I tried it and here is the summary after filtering with trump for ITS:

Start End NBases Ambigs Polymer NumSeqs
Minimum: 0 0 0 0 1 1
2.5%-tile: -1 -1 0 0 1 1988
25%-tile: -1 -1 0 0 1 19876
Median: -1 -1 0 0 1 39752
75%-tile: -1 -1 0 0 1 59628
97.5%-tile: -1 -1 0 0 1 77516
Maximum: -1 -1 0 0 1 79503
Mean: -1 -1 0 0 1

of unique seqs: 63528

total # of seqs: 79503


and 16S:
Start End NBases Ambigs Polymer NumSeqs Minimum: 1 94 2 0 1 1 2.5%-tile: 1 129 9 0 1 2456 25%-tile: 1 129 9 0 2 24552 Median: 1 129 12 0 2 49103 75%-tile: 1 129 34 0 4 73654 97.5%-tile: 1 129 35 0 5 95749 Maximum: 76 129 59 2 8 98204 Mean: 1.08315 128.998 18.8158 0.00192457 2.71437 # of unique seqs: 92679 total # of seqs: 98204

Both really bad. :frowning:
And you say it´s not good to just filter without using trump? I would love to have a possibility to analyse the forward and reverse sequences together…

Sorry, for all the posts.

Best,

It’s all about picking the correct parameters for your data in screen.seqs. In the ITS case your reads don’t seem to overlap and so when you run trump=. they all go away. If you don’t use trump=. then you have distances of infinity or 1.0 between sequences because there’s no overlap - and that’s for reads that might actually be identical.

In the future can you get your sequencing company to only sequence in one direction?

Ah okay, I see the point. I just loose so much length when I only use the overlap. I hoped there would be some way around this.
I think I will just never use the company again :wink:

Thank you for your help!

One more question:

I tried your suggestion and would like to know if you think this is okay. Is there a problem when I don´t know which region of 16S I really end up with? Cause the primers would target the V1-V5 region and when I cut them down so much then I don´t know which region it really is in the end, isn´t it? Possibly that doesn´t matter at all.

Before screening:
Start End NBases Ambigs Polymer NumSeqs
Minimum: 0 0 0 0 1 1
2.5%-tile: 1044 1046 1 0 1 2633
25%-tile: 1044 23963 635 0 5 26326
Median: 1044 27654 730 0 5 52652
75%-tile: 3148 27654 822 0 6 78977
97.5%-tile: 7941 28476 874 2 7 102670
Maximum: 43116 43116 945 7 8 105302
Mean: 2839.95 24828.8 683.193 0.187119 5.06493

of unique seqs: 99596

total # of seqs: 105302

screen.seqs(fasta=16S_trim.unique.align, maxhomop=8, name=16S_trim.names, group=mergegroupspick, end=25000, minlength=300, processors=8)
filter.seqs(fasta=16S_trim.unique.good.align, vertical=T, trump=.)

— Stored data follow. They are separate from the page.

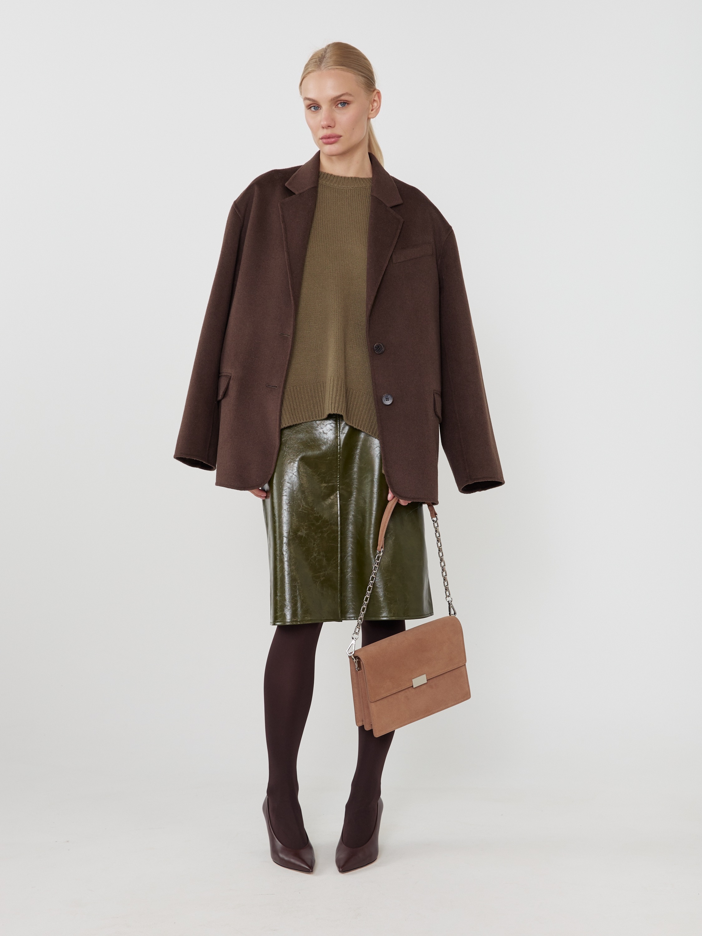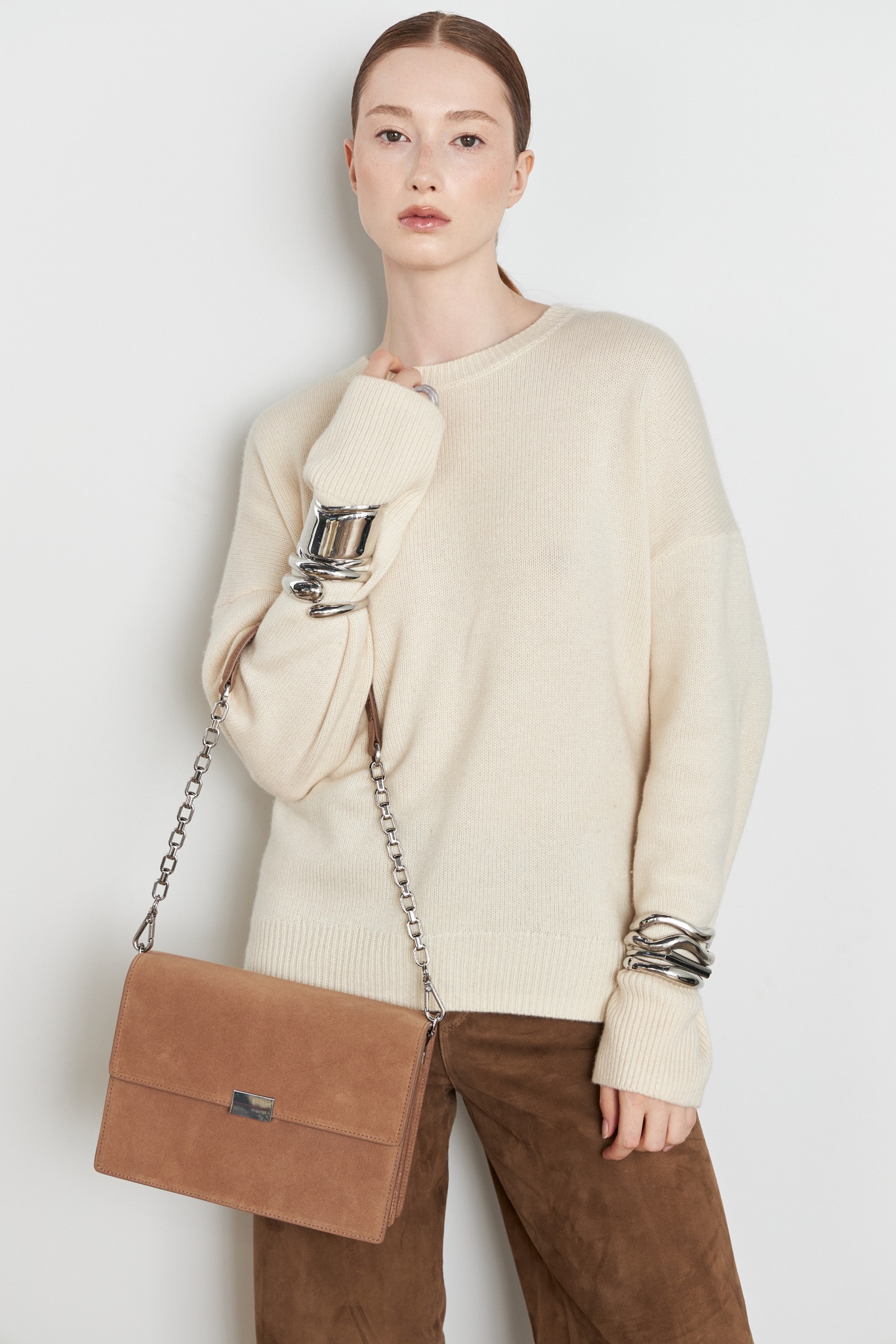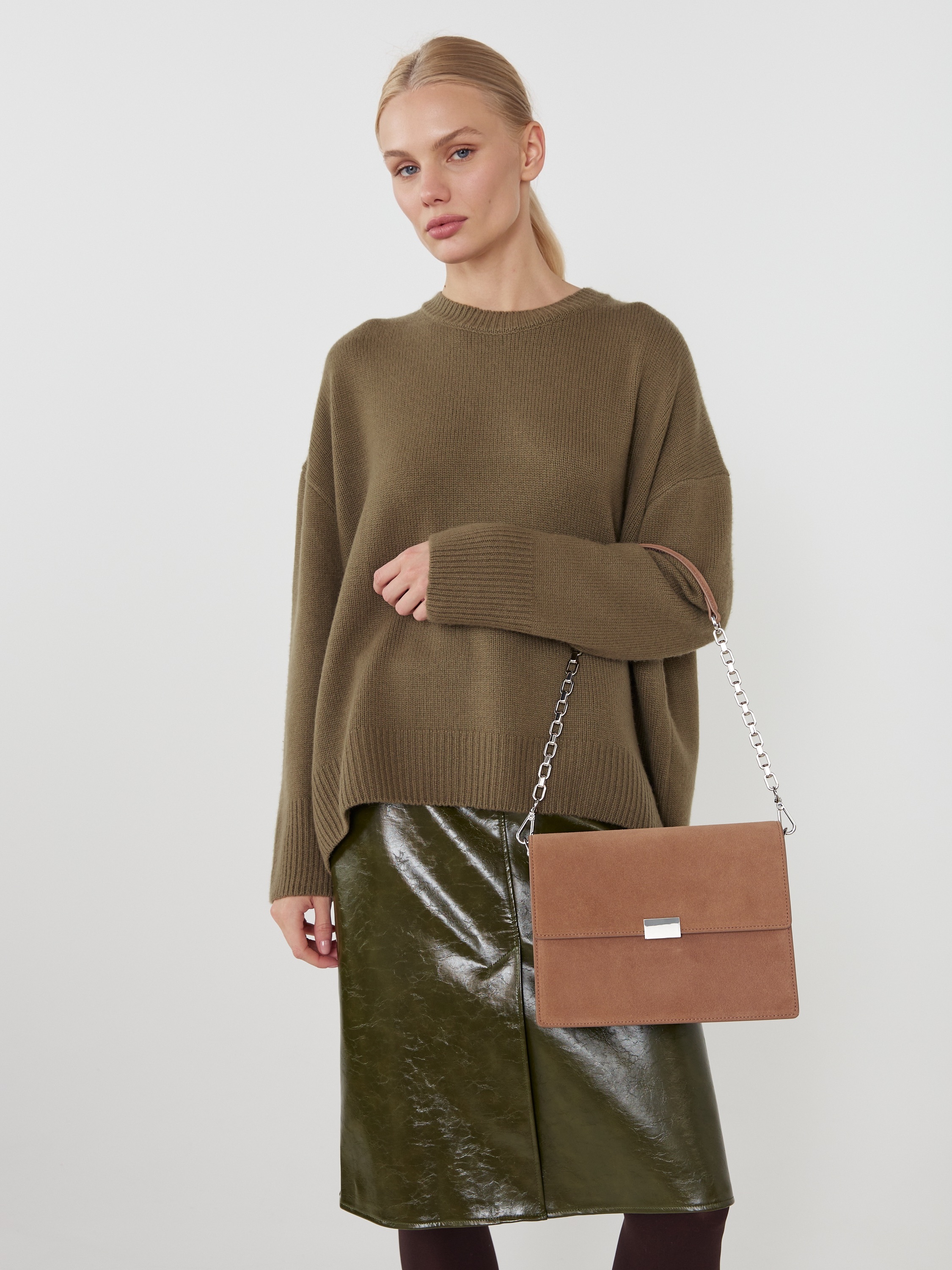 Сумка выглядит лаконично и дорого благодаря минималистичному дизайну и элегантной цепочке с кожаной вставкой.
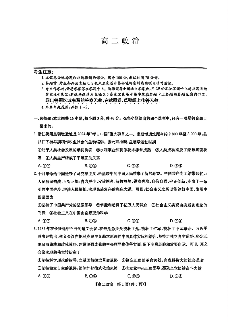 高二政治+答案--辽宁省九师联盟2024-2025学年高二下学期7月期末联考
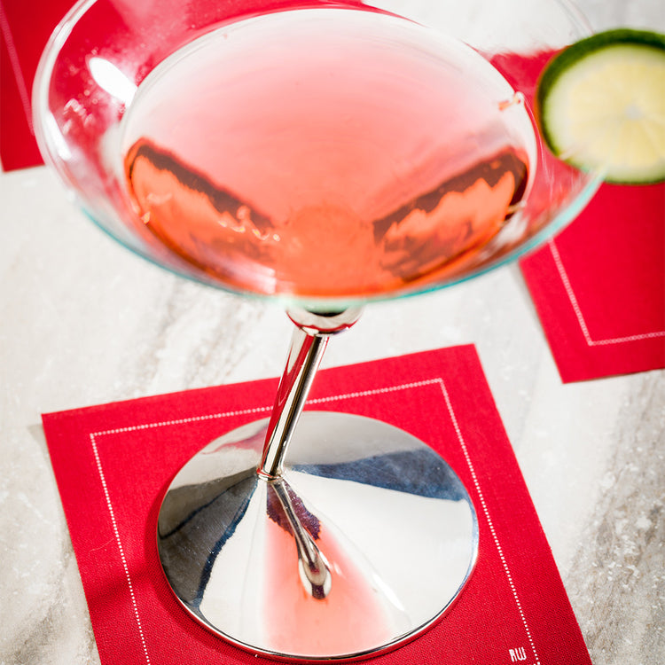 • Red finish elevates the presentation of cocktails, adding a pop of color and style

Start End NBases Ambigs Polymer NumSeqs
Minimum: 1 1028 235 0 3 1
2.5%-tile: 1 1033 322 0 4 1920
25%-tile: 1 1033 324 0 5 19199
Median: 1 1033 327 0 5 38398
75%-tile: 1 1033 348 0 5 57597
97.5%-tile: 1 1033 351 1 6 74876
Maximum: 72 1033 473 5 8 76795
Mean: 1.08174 1032.97 332.883 0.0768019 5.0845

of unique seqs: 72774

total # of seqs: 76795


When you say that is fine then I will go for this method. Cause it´s so annoying to work with 16S forward and reverse and ITS forward and reverse (esspecially when I have to present this). Too many graphs. :)

Thank you so, so much!

Looks like you found a good set of parameters.

Really? Juhu! :smiley: And it also works for the ITS sequences. That is so good!

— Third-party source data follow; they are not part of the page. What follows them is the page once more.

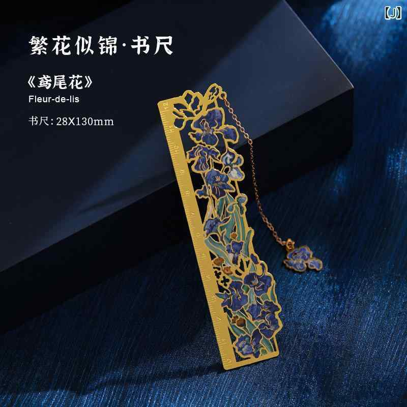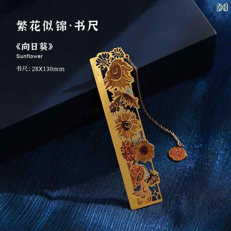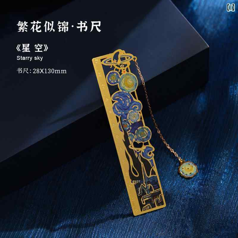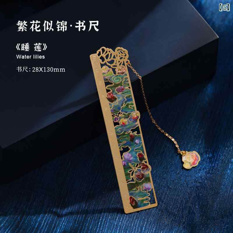 ゴッホやモネなどの名画をモチーフに金属プレートに透かし彫りでデザインしたルーラーやチェーン付きの、この栞/ブックマークは単なる目印に留まりません。
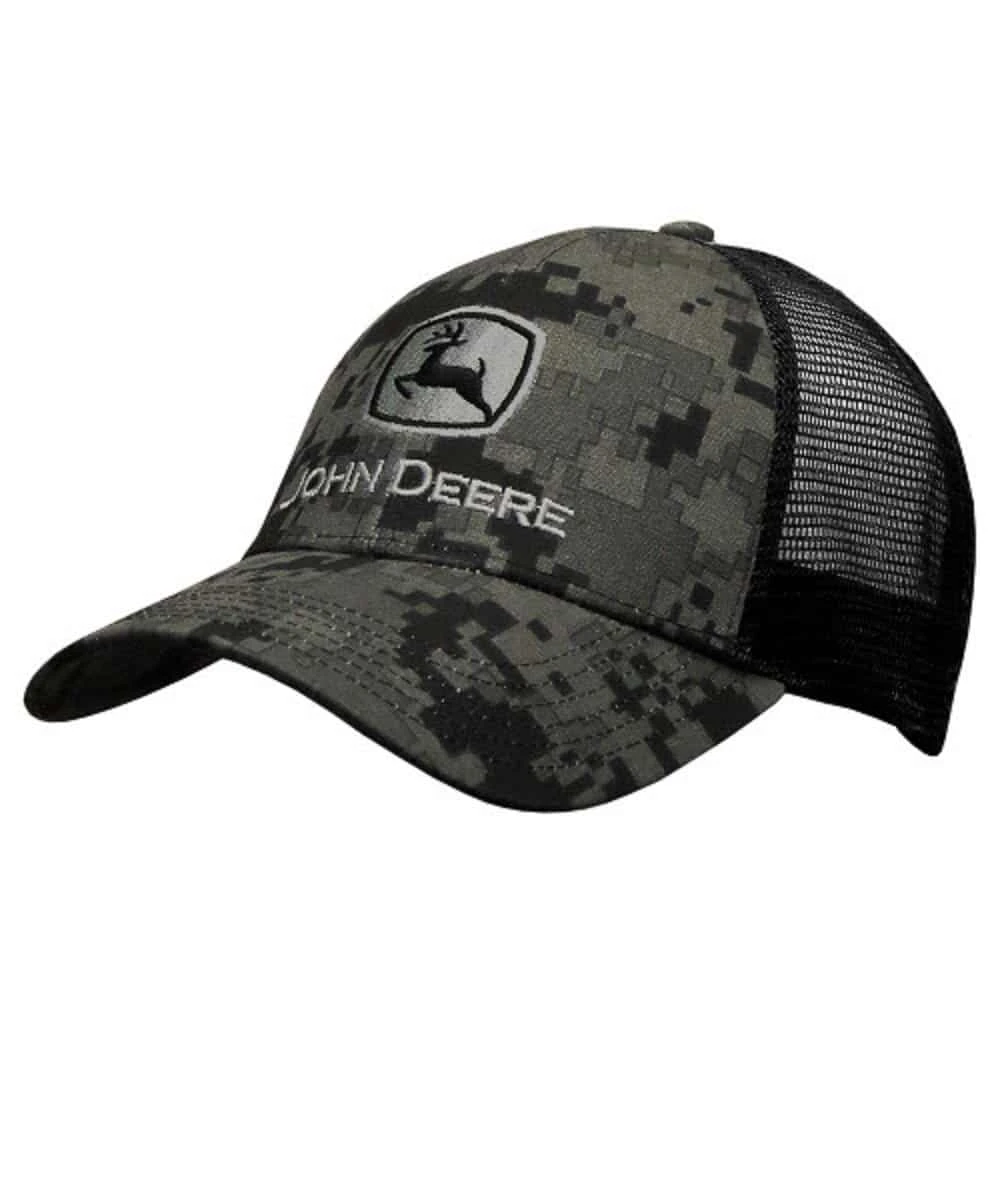Six Panel Construction; Black Digital Camo Front And Bill; Black Mesh Back; John Deere Logo And Name On Front Center; Snap Back Closure; Style #13080407
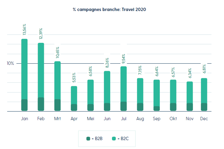 Als je bijvoorbeeld kijkt hoe in de branche Travel de campagnes over 2020 zijn verdeeld dan zie je direct dat de reisbranche na maart 2020 op adem moest komen na de ingrijpende overheidsmaatregelen en dat de zomer een kleine opleving liet zien toen er weer iets meer mogelijk was. Maar ook de tweede virusgolf na de zomermaanden zie je terug in de grafiek.
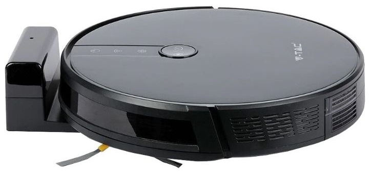 Unul dintre cei mai ieftini roboţi aspirator din oferta eMAG este acest model de 899 lei. Are funcţie de aspirare şi mop, rezervor de 600 ml şi baterie de 2500 mAh. Poate curăţa, mătura şi aspira şi vine cu navigare auto programată, funcţionare cu un singur buton şi pornire automată. Se poate conecta uşor la reţelele WiFi pentru un control prin intermediul aplicaţiei V-TAC.

Thank you so much for your help!

I am very sorry to bother you again…
I have a last question. I am writing the stuff down in the moment and I am wondering how I can explain why I used this way of analysing (using overlap) and why this way is okay. Is there somewhere a reference that says that it would be better to sequence from both directions due to avoiding a bias? There is this reference that explains that there is a different taxonomic output depending on if the sequences were read from the forward (ITS1 region) or reverse (ITS2 region) side (Bazzicalupo et al. 2013). But because I use the overlap I can´t completely say which region I use, isn´t it? Something in between. Same for bacteria.

If anybody has an idea what I could cite for this, I would be very happy!

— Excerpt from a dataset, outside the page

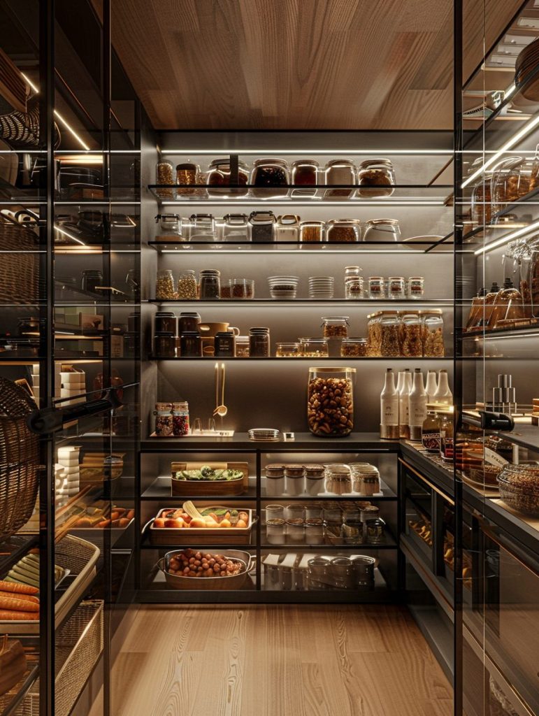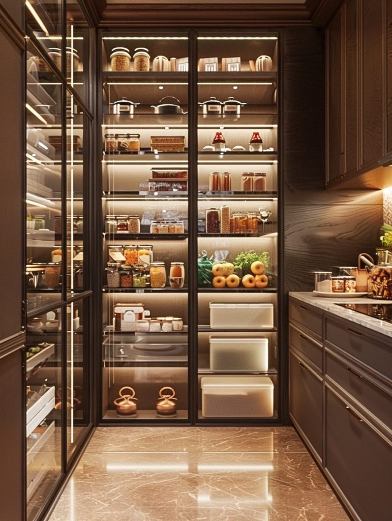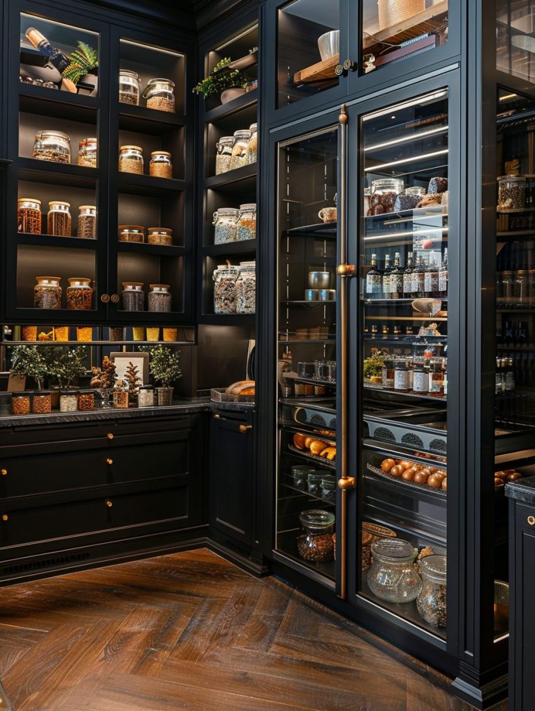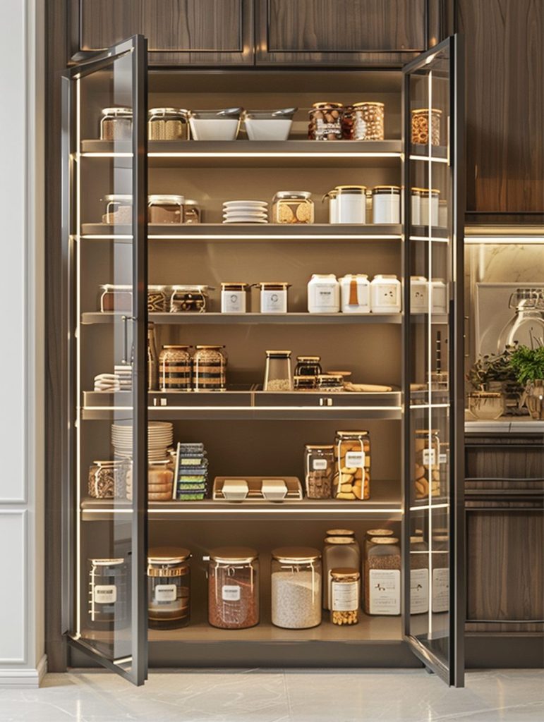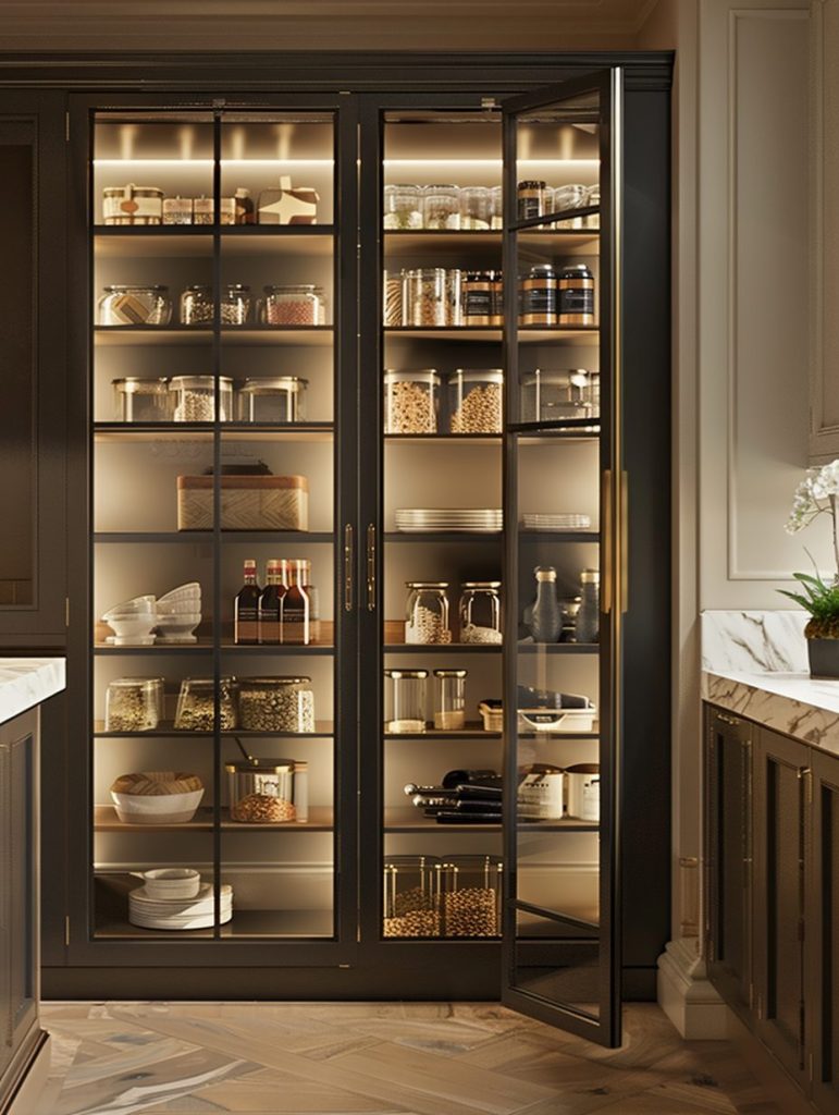 Pantry shelving with glass doors combines functionality with visual appeal.

I am really sorry I read so many papers but most have done another sequencing strategy.

Sorry and thank you!

Actually, for 454, sequencing in both directions is a bad idea because they aren’t true paired ends. If you’re doing Sanger or Illumina, paired end works and is ideal because it gives higher quality data.